#08: Menschenwürdige Arbeit und Wirtschaftswachstum – Anne Häßelbarth

Wie willst du angesprochen werden?

Ich bin Anne mit dem Pronomen die. Und tatsächlich ist mir der Nachname gar nicht so wichtig. Das hat mit meiner Biografie zu tun, weil ich Nachnamen immer von Männern getragen hab. Ich trage jetzt den Namen Häßelbarth schon mit Stolz, weil ich meinen Mann sehr mag, aber vorher hab ich sehr fremdbestimmt Namen gehabt. Deshalb mag ich es eigentlich immer sehr, die Anne zu sein.

Du machst sehr, sehr viele Sachen. Hast du Lust, einmal für mich zu erklären, womit du deine Zeit verbringst?

Zeit verbringe ich sehr intensiv hier auf dem Hof in Linda. Als Mutter, als Ehefrau und Ideengeberin unserer Hofkäserei.
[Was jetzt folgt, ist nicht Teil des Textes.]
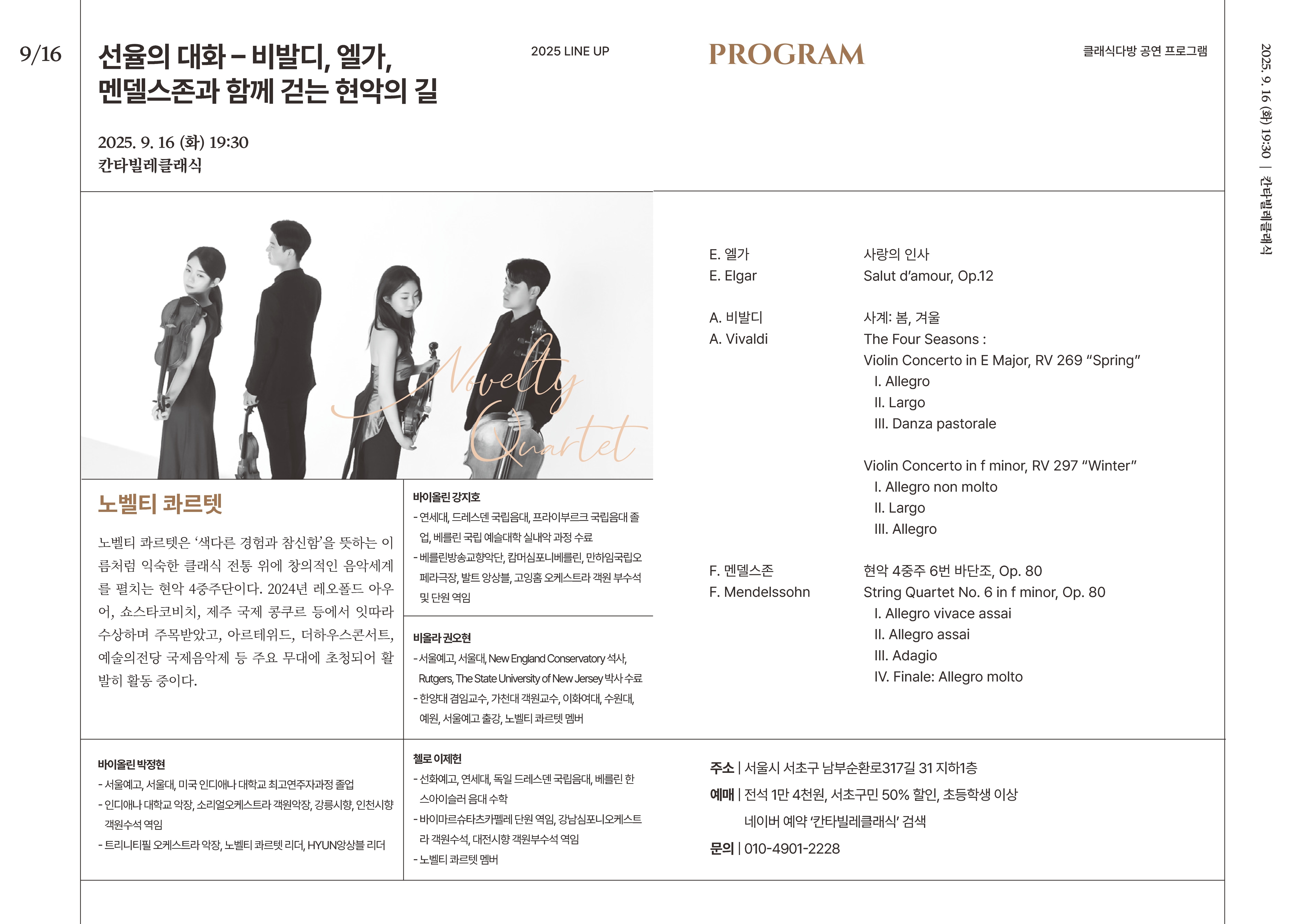 [2025 클래식다방 - 칸타빌레클래식] 선율의 대화 - 비발디, 엘가, 멘델스존과 함께 걷는 현악의 길
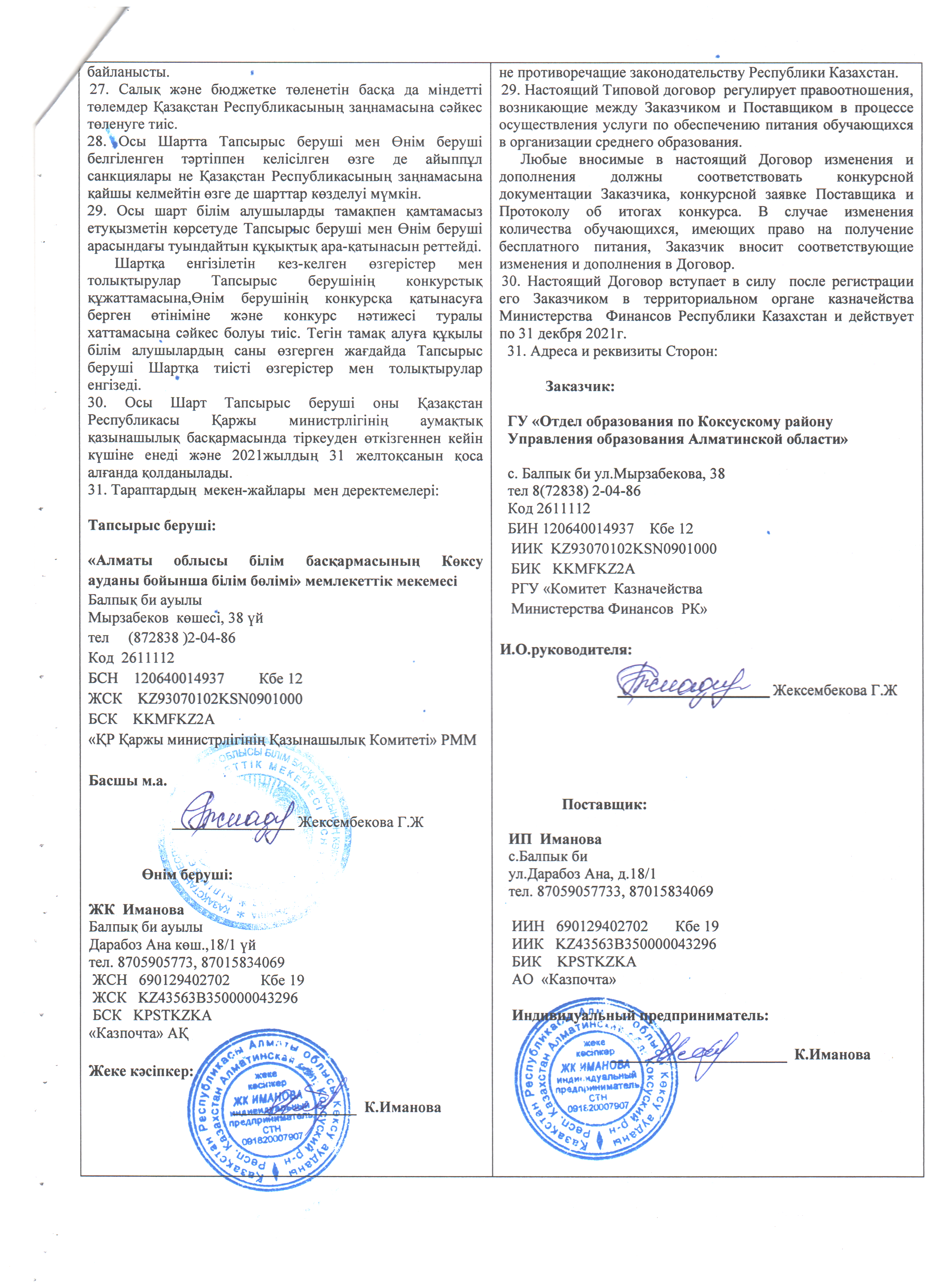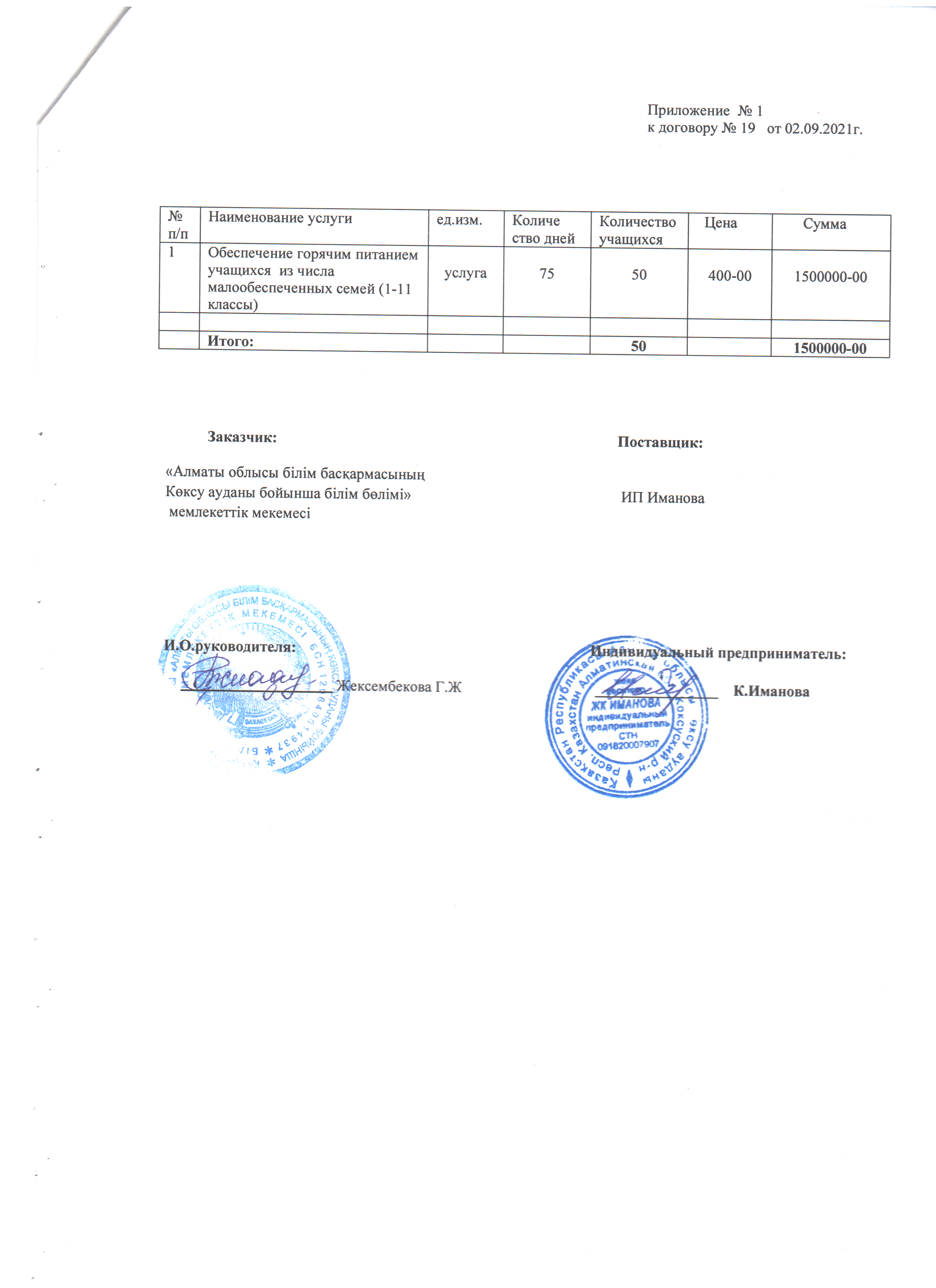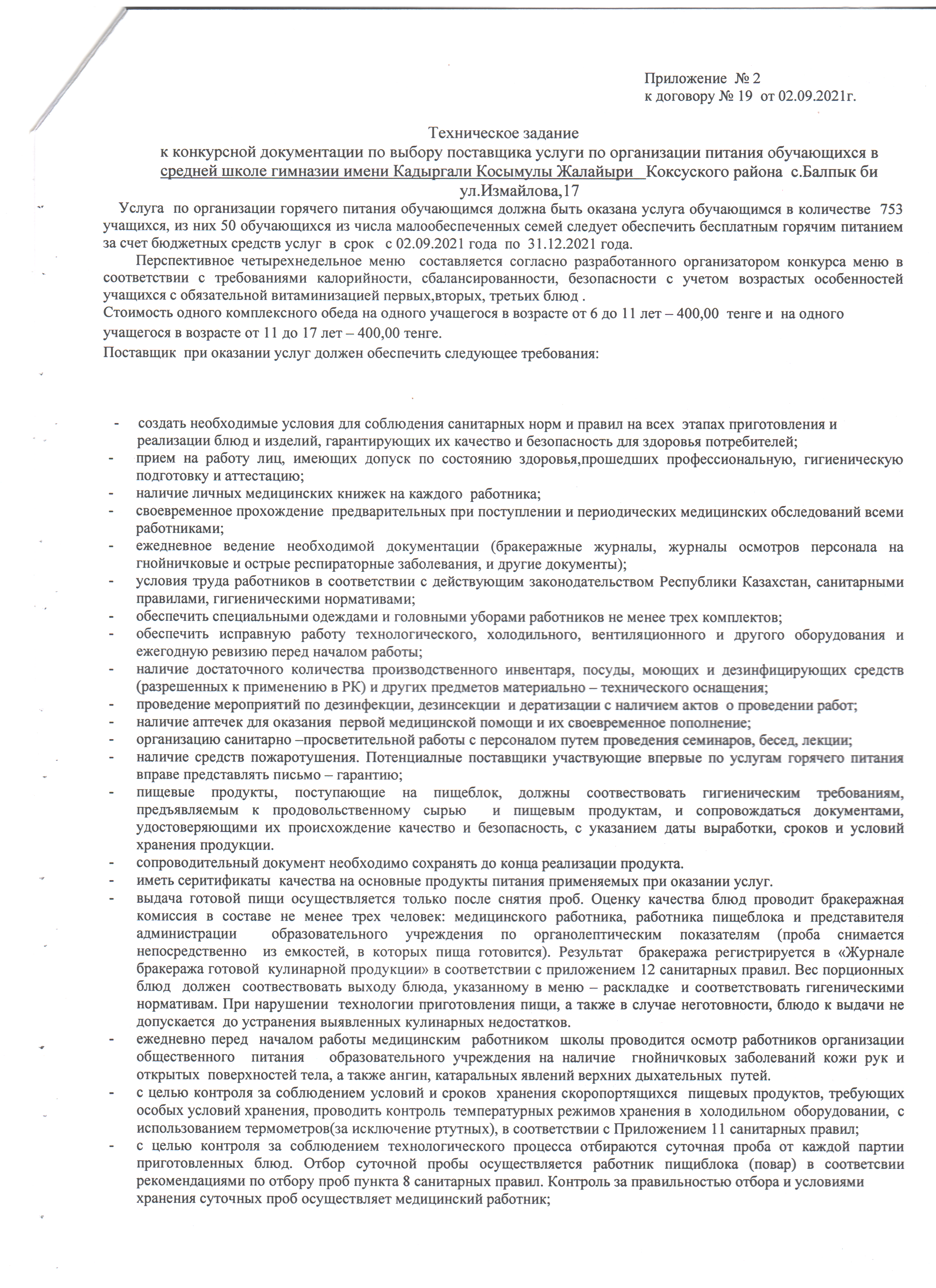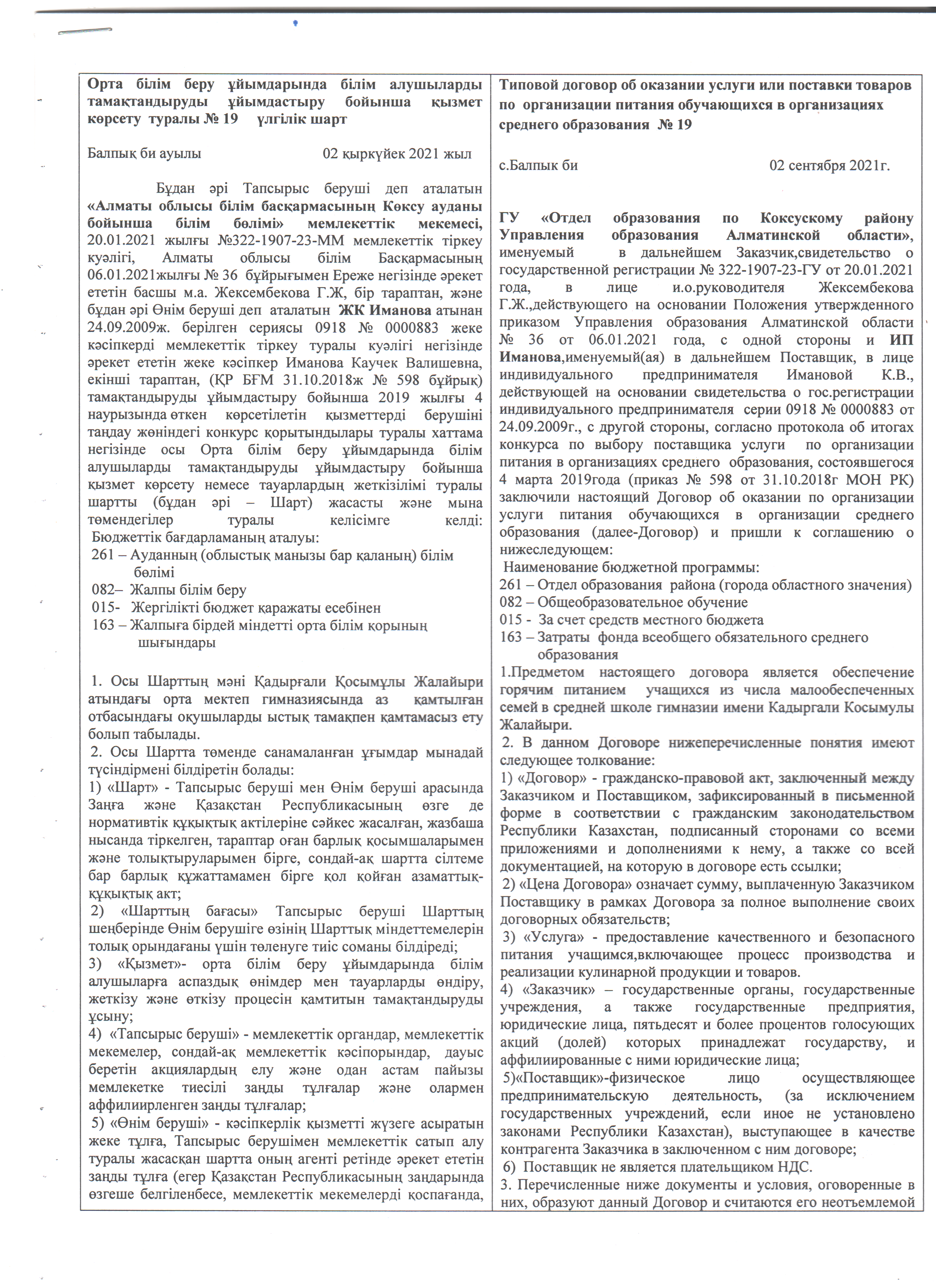 Оқушыларды тамақтандыруды ұйымдастыру бойынша қызмет көрсету туралы№19 үлгілік шарт » Коммунальное государственное учреждение 'Средняя школа гимназия имени Кадыргали Косымулы Жалаири'
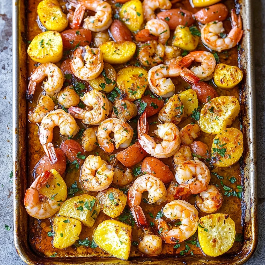 Imagine the irresistible aroma of smoky sausage mingling with succulent shrimp, as colorful corn and tender baby potatoes roast to perfection in your oven. This sheet pan shrimp boil is
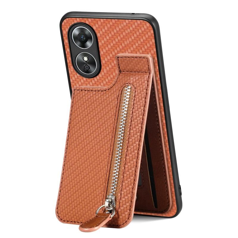Για OPPO A17 Carbon Fiber Κάθετη Flip φερμουάρ τηλέφωνο υπόθεση (καφέ)
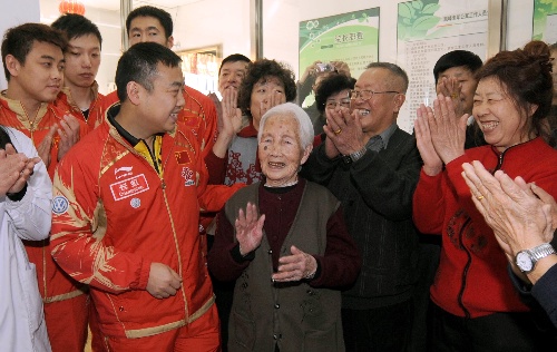 中国男队看望敬老院老人 老人们满心欢喜
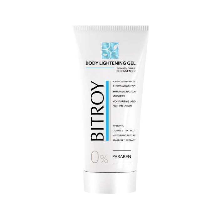 ژل روشن کننده بدن BITROY، بر پایه اکتیوهای موثر و عصارههای گیاهی تولید شده است، باعث از بین بردن نواحی تیره و لکهای پوستی میشود، با مهار آنزیم تیروزیناز و کاهش تولید ملانین در سلولهای پوستی به کاهش و روشن شدن لکها و نواحی تیره زیر بغل، آرنج، زانو و کشاله ران که در اثر سایش، فشار زیاد، آسیبهای محیطی، تغییرات هورمونی، افزایش سن و بارداری به وجود آمدهاند، کمک میکند، از ایجاد لکهای جدید و همچنین ایجاد چروک در پوست جلوگیری مینماید، باعث روشن و یکدست شدن رنگ پوست میشود، به پوست آبرسانی و رطوبت آن را حفظ میکند و مانع از ایجاد خشکی، التهاب و حساسیتهای پوستی میشود.
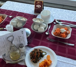 5. В столовой Кормят очень хорошо, разнообразно. Мясо, рыба, овощи, гарниры, порции хорошие если не хватит есть закуски на завтрак и обед. В обед обязательно фрукты. К ужину булка + кисломолочка разная - кефир, ряженка, фруктовый йогурт ( все всегда свежее).
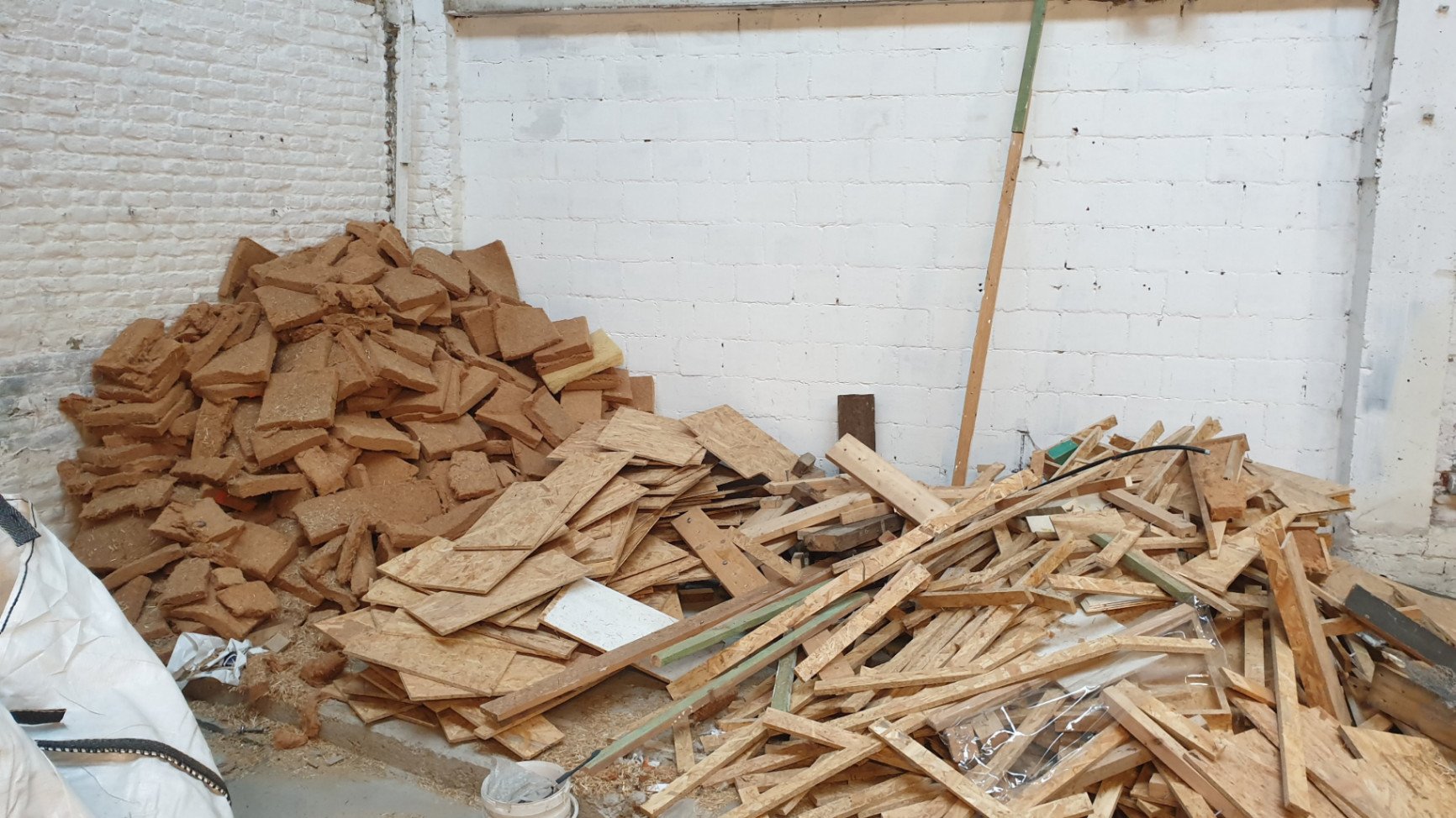Moet opgehaald worden voor 1 april. Het is gedemonteerd. Het geraakt in een 18m3 camionette. Doit être collecté avant le 1er avril. Il a été démantelé. Il entre dans une camionette de 18m3.
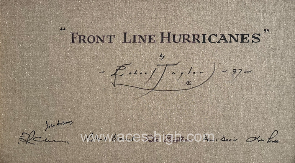 Personally autographed on the reverse of the canvas by Robert Taylor, alongside SIX of the great Aces of RAF Fighter Command. All flew Hurricanes during the Battle of France in 1940.
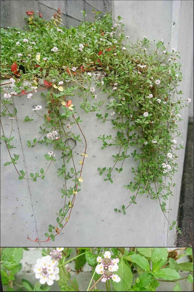 家の駐車場の壁に垂れて咲いているリッピアとオウゴンカズラです🎶
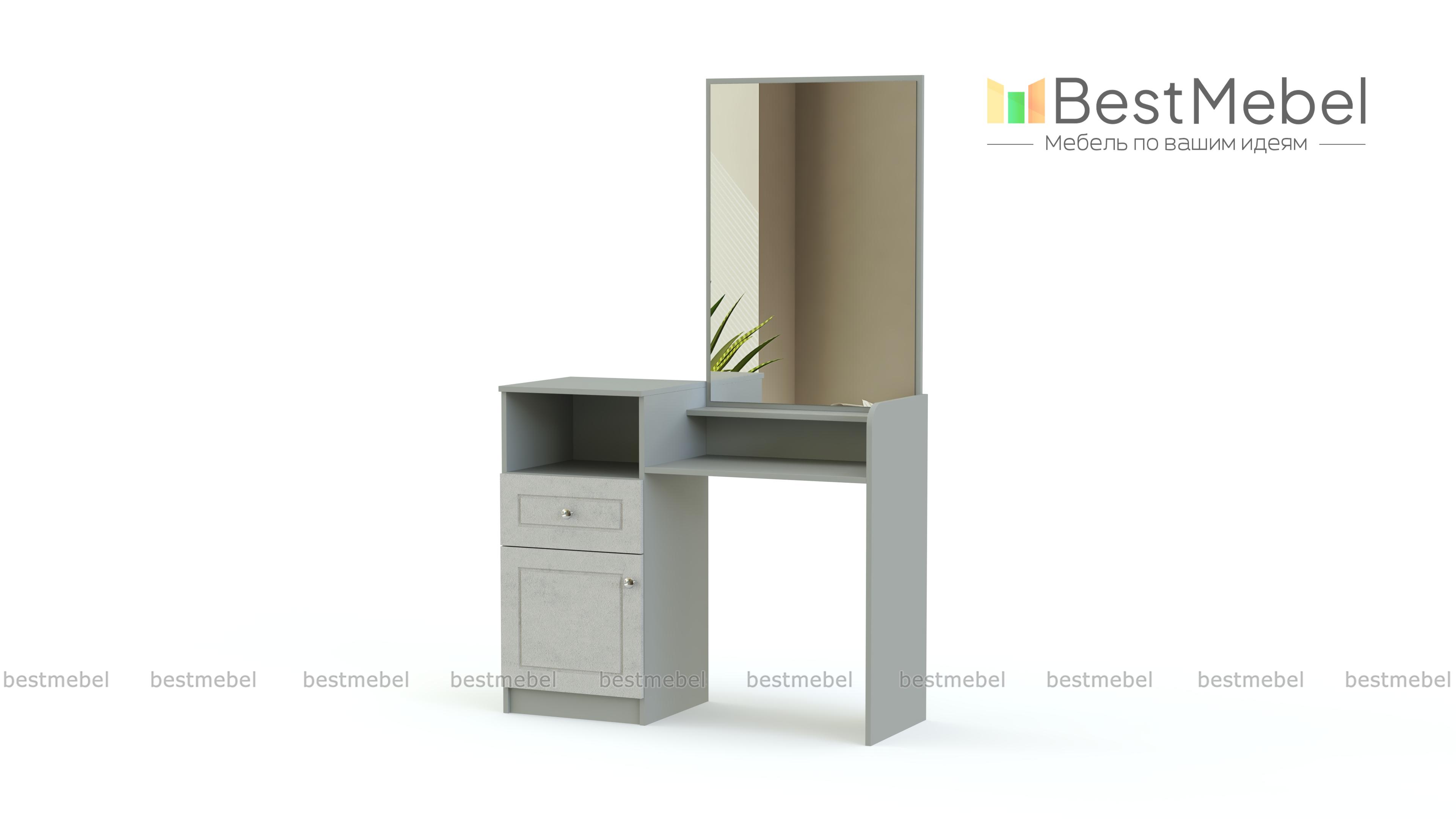 Очень симпатичная модель, которая добавит нотку уюта в Вашей спальне. Туалетный стол Венеция СБ-1298 BMS изготовлен в универсальном современном стиле. Имеет большое зеркало с двумя полочками под ним. Слева находится высокая тумба с открытой нишей, выдвижным ящичком и отделением с полочкой. В ней Вы с удобством расположите всю свою косметику и средства гигиены. У нас Вы можете заказать туалетный стол Венеция СБ-1298 BMS другого цвета. Также при заказе у Вас есть возможность изменить базовые размеры модели на необходимые Вам.

Dort mache ich mittlerweile nur noch die Vermarktung und bin sehr gerne mit Kund*innen in Kontakt.

Das meiste Geld verdiene ich mit einer 20h-Stelle beim Bundesverband der Regionalbewegung. Das ist eine Initiative, die die Lobbyarbeit für regionale Lebensmittelwirtschaft in ländlichen Gebieten macht. Es ist ein gemeinnütziger Verein, der deutschlandweit agiert und ich bin in zwei Projekten dort angestellt.

Das eine Projekt beschäftigt sich mit Digitalisierung von regionalen Produktdaten von der regionalen Marmelade, bis zum Käse von unserem Hofladen.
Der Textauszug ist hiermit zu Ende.